Looking back almost forty years, at a time when I was an adventurous free spirit—I wouldn’t change any minute of the two-step forward, one-step back slow dance to life’s surprises. The perfect storm of a big city rummage sale at the Olympic Hotel in Seattle, and a temporary move to the Long Beach Peninsula to work as a waitress in a friend’s restaurant, was like cymbals clashing together, ringing a thunderous note to creativity…or so I thought.
Having a limited personal budget, I entered the Olympic Hotel. The air felt electric, with history and sadness floating like clouds carrying jolts of static shock. People buzzed by the sale tables like hungry locusts grabbing everything within reach. Price tags for tidbits of small mementos were a luxury beyond my means, until I saw a stack of unwanted white bathmats with an inviting “only one dollar” sign. I knew it was weeks before Halloween, but I imagined the bathmat suction cups looked like suckers on octopus’ legs. I had been bitten by the costume bug—inspired by moving to the sandy Pacific Ocean. I bought eight mats, a true bargain, exactly the same price as a silver serving spoon that would surely have been hidden and buried in a cluttered kitchen drawer.

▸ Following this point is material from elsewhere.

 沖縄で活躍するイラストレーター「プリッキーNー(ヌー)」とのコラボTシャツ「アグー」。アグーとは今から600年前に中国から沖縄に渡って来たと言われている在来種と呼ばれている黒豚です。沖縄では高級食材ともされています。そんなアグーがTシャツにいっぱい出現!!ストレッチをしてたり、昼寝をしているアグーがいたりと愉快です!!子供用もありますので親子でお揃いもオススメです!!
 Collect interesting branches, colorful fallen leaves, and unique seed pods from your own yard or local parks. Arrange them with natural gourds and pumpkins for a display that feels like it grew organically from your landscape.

In a flush of bright ideas, I tossed the hotel treasure into the car trunk and rushed to downtown bargain basements, tingling with anticipation. The Bon Marche’ basement had pajama bottoms with feet, missing the top and a price so tempting I looked forward to wearing them long after Halloween. I found a black beanie skull cap that looked ready for an ocean voyage, marked down ridiculously low at Frederick and Nelson’s, where I couldn’t resist buying Frango Mint Chocolates to celebrate—ooh-la-la and yum. Walking along 5th Avenue, I stepped into Nordstrom’s basement at Pine Street. After sorting through special sale bins and joining shoppers who were tossing clothes in the air like limp Frisbees, I found two perfect tops an octopus would be thrilled to wear. On the way out of town, I stopped at the Costume Display Store and filled a basket with eight plastic pumpkins, small round mirrors to give an illusion of water drops, and makeup…I knew a mask might block my vision. I drove back to the beach smiling, ready to construct an octopus body to wear during Halloween dinner shift.
The first sign making a rubber octopus wouldn’t be a breeze—clear airplane glue ate holes in the mat, like termites chewing wood. The local hardware store had boxes of gold, two-pronged fasteners, a satisfying discovery to create a body and eight smiling plastic pumpkin tipped legs.

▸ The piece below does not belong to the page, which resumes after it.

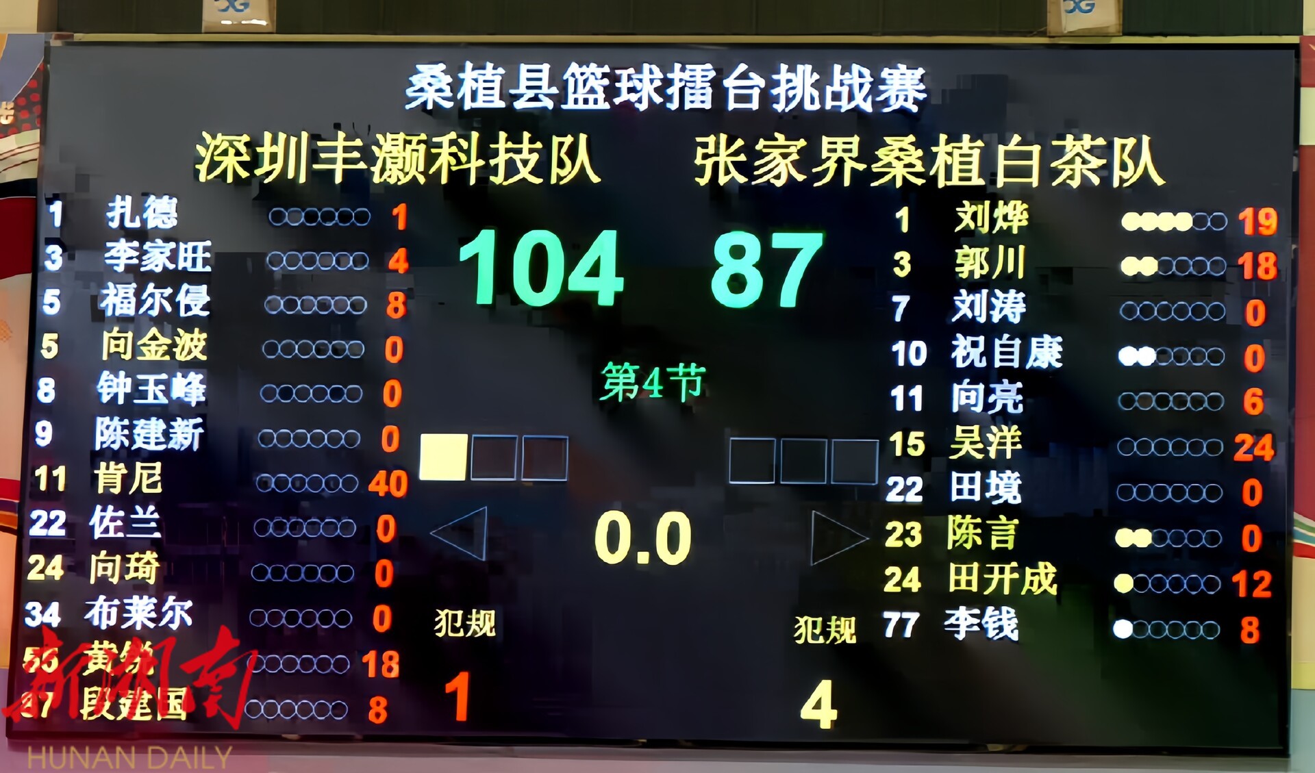 赛事尾声,组委会启用特别规则:最后60秒内每记进球均按三分计算。双方球员火力全开,攻防节奏拉满,最终,深圳沣灏科技队以104:87的比分拿下首场胜利。

Halloween night, I wore my memorable and surely prize-winning octopus costume. Full of the Halloween spirit, I greeted the first few tables with an enthusiastic, “Trick or treat” and floated through the dining room like an octopus gracefully swimming in the ocean. The dinner rush proved my genius idea had flaws when worn—hot, heavy, and bathmat sweaty. Rubber does not breathe. I felt like I was a walking sauna! When I passed by chairs, the suction cups stuck to the backs, making pop-pop-pop sounds as my octopus body and legs circled the dining room, attaching to anything not moving. Sticking here, popping there, a one-woman octopus band, shining in a sea of sweat.
Advice: If you get a good deal on bathtub mats, put them in the tub. Do not, under any circumstances wear them.
Life can be a costume party. Dress for the day. Accept the challenge. Trick or treat.
April Ryan is a retired Seattle Metro driver and an actively working writer/poet.